Просьба, конечно, грандиозная. И если к этой просьбе нам добавят еще одну штатную единицу, я обещаю принять рекомендуемого врача — специально для оказания помощи тем, кто просит его принять. Я гарантирую: если, не дай аллах, потребуется операция зам-заму, заму и самому начальнику оперировать их будет только он.

Так и передайте. И пожелайте от меня всего наилучшего.

А. П. Коржин положил трубку, а Неординарный сказал:

— Нет, с вами не заскучаешь! — и заметил, что сильно пульсирующая артерия немного поуспокоилась, и подумал о великой пользе для здоровья улыбки.

Сорок шестой год начался для Алексея Платоновича радостно.
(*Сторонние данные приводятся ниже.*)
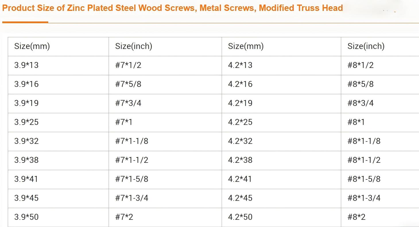 1.Head type of screws: Truss Head/Wafer Head/Big Flat Round Head
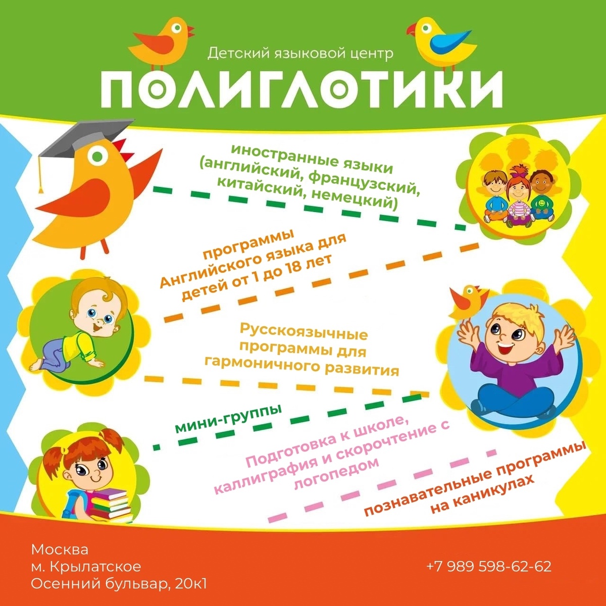 Полиглотики Крылатское - это уютный детский центр в шаговой доступности от метро, где дети от 1 года, школьники и взрослые изучают иностранные языки, осваивают такие интересные курсы как каллиграфия и скорочтение, мнемотехника и ментальная арифметика, а также успешно готовятся к поступлению в школу! В нашем центре вы можете познакомиться с авторскими курсами: Полиглотики - место, где Ваш ребёнок полюбит учёбу, обретет уверенность в своих силах и получит полезные знания и умения для успешного старта!

Его переселили в новый дом для заслуженных людей. В новую, удобную, солнечную двухкомнатную квартиру приезжал Саня. Завернул в Минск на два дня, возвращаясь из своей киноэкспедиции, и Алексей Платонович сумел уговорить его принять в подарок прекрасное черное кожаное пальто, случайно купленное у одного военного врача и очень сыну идущее. Приятно было узнать, что Саня и Нина начали вместе писать сценарий «История карикатуры» — с древних времен и до наших.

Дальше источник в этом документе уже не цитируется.